Der im Jahr 1934 in Berlin geborene Ulrich Gerhardt gehört zu den großen Regisseuren des Hörspiels. Mit Ausnahme von sechs Jahren als Hörspielleiter in Berlin und einer kurzen Zeit als Schauspieler hat er nie in einem anderen Beruf als dem des Regisseurs gearbeitet. Für das zusammen mit Günter Heß realisierte Hörspiel "Übergang über die Beresina" erhielt er im Jahr 1993 den Karl-Sczuka-Preis.

Von Frank Olbert |
    Frank Olbert: Herr Gerhard, welches der zahlreichen Hörspiele, die Sie realisiert haben, ist Ihnen am lebendigsten in Erinnerung geblieben?

    Ulrich Gerhardt: Ich habe im RIAS eine Reihe mitgemacht, die hieß "Literarisches Experiment". Da haben wir zum Beispiel Stücke von Friederike Mayröcker gemacht. Das waren sehr schöne, neue Erfahrungen. Damals habe ich angefangen, die Schnitttechnik zu praktizieren, mit der ich heute auch arbeite. Es ist im Wesentlichen eine Montagetechnik.
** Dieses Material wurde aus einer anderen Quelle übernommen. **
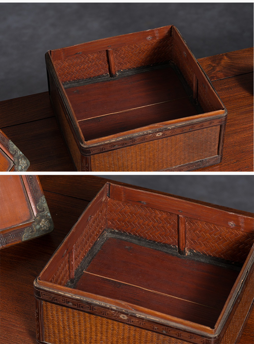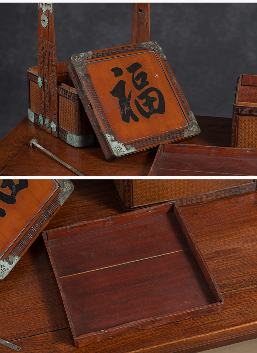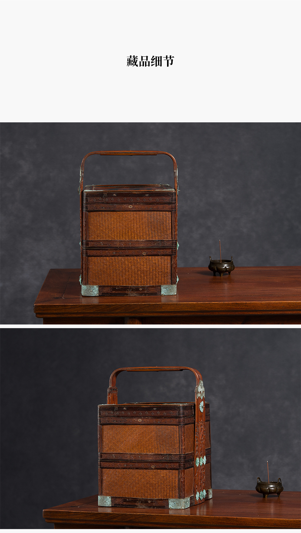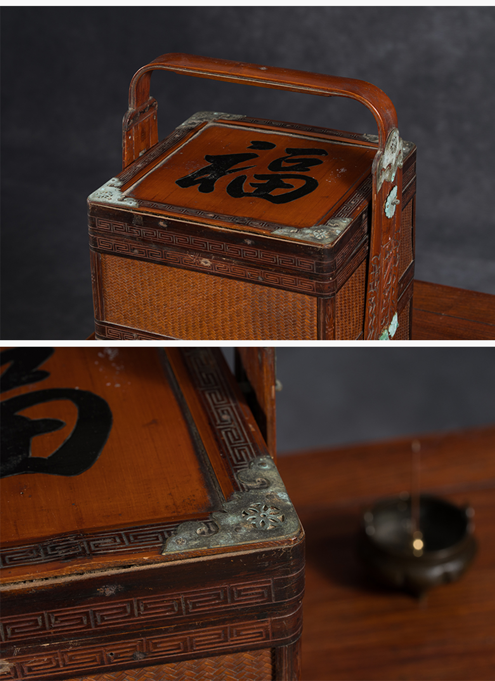 清 竹编暗八仙福字纹双层提盒

Bis dahin war man mehr oder weniger der Meinung, dass man den akustischen Raum realistisch abbilden müsse. Und das, was dann "Neues Hörspiel" hieß und auf eine Entwicklung zurückging, die eigentlich schon in den 20er Jahren begann, das hat uns dann etwas verspätet auch erreicht. Es war die Erkenntnis, dass wir mit Materialien arbeiten, mit denen man anders umgehen müsste als rein theatermäßig.

    Frank Olbert: Wie sind Sie selbst denn zum Radio und dann zum Hörspiel gekommen?
    Ulrich Gerhardt: Das war - wahrscheinlich wie bei vielen Menschen - sehr vom Zufall geprägt. Als das Abitur vorüber war, wusste ich eigentlich immer noch nicht, was ich machen will. Ich wusste nur, dass ich etwas Künstlerisches machen will und deswegen ging ich auf die Schauspielschule. Ich merkte aber nach kurzer Zeit als Schauspieler, dass das doch nicht der ganz richtige Weg für mich ist. Ich wollte studieren, bekam dann aber eine Theaterregieassistenz bei Wolfgang Spier in Berlin und fand großen Gefallen daran. Wolfgang Spier hat auch für den Rundfunk gearbeitet und so kam ich dann nach einem kurzen Umweg über das Theater zum Radio und zum Hörspiel. Es traf ein besonderes Interesse bei mir, weil ich auch sehr stark an der journalistischen Seite dieses Berufs interessiert war. Ich mache sehr gerne Feature und habe früher auch das Tagesprogramm des RIAS gerne produziert.

    Frank Olbert: Bei dem Hörspiel "Übergang über die Beresina" haben Sie ja auch auf vorhandenes Originalmaterial zurückgegriffen.

    Ulrich Gerhardt: Ich habe das Glück gehabt, auf einem Flohmarkt einen Plattenfund zu machen. Das waren merkwürdige Platten, hauchdünne Folien, die man selbst bespielen konnte. Irgendein Mensch hat in den Kriegsjahren 40/41, wenn er Fronturlaub hatte, diese Platten aufgenommen. Es waren authentische Aufnahmen zum Teil aus dem Rundfunk, zum Teil von ihm selbst inszeniert. Ich fand das Material sehr aufregend, nur sah ich lange Zeit keine Möglichkeit, diesen Ton von den sehr zerbrechlichen Folien herunterzunehmen. Ich habe schließlich einen befreundeten Toningenieur in München gefragt, der solche Sachen für die Industrie machte. Bei ihm haben wir es dann überspielen können, was sehr abenteuerlich war, denn die Platten waren zum Teil zerbrochen, gewellt, schlecht gelagert. Die Bruchstücke, die dabei zu Tage traten, haben wir dann so dokumentiert, wie wir es von den Folien abgenommen hatten. Es sind viele Unterbrechungen darin. Das macht aber gerade das Spannende aus. Es war ein archäologischer Fund, der auch die Wirkung hatte wie ein Bruchstück aus der Geschichte.

    Frank Olbert: Ein ganz anderer Aspekt Ihrer Arbeit zeigt sich in dem Hörspiel "Musik aus Gägelow", ein sehr humoristisches Stück von Horst Hussel. Was waren denn da die besonderen Anforderungen an die Regie?

    Ulrich Gerhardt: Das war ein sehr lustiges Verfahren in sehr enger Zusammenarbeit mit dem Komponisten Gerd Bessler und dem Autor. Horst Hussel hat einen sehr skurillen Text geschrieben, in dem er behauptet, dass es einen Komponisten gegeben habe, der schon Anfang des 19. Jahrhunderts Schönberg, die Geräuschmusik u.s.w. vorweggenommen hat. Es war ein wunderbarer Fake. Ich musste das Stück wie ein Dokument produzieren, also genau den gegenteiligen Weg gehen wie bei "Übergang über die Beresina".

    Am Sonntag, den 18. Januar ist im Südwestrundfunk eine Funkbearbeitung von Ulrich Gerhardt zu hören. Nach Thomas Bernhards Roman "Das Kalkwerk" entstand das gleichnamige Hörspiel mit Ulrich Matthes als Sprecher. Sendetermin: Sonntag, 18. Januar. 16.05 Uhr, SWR 2.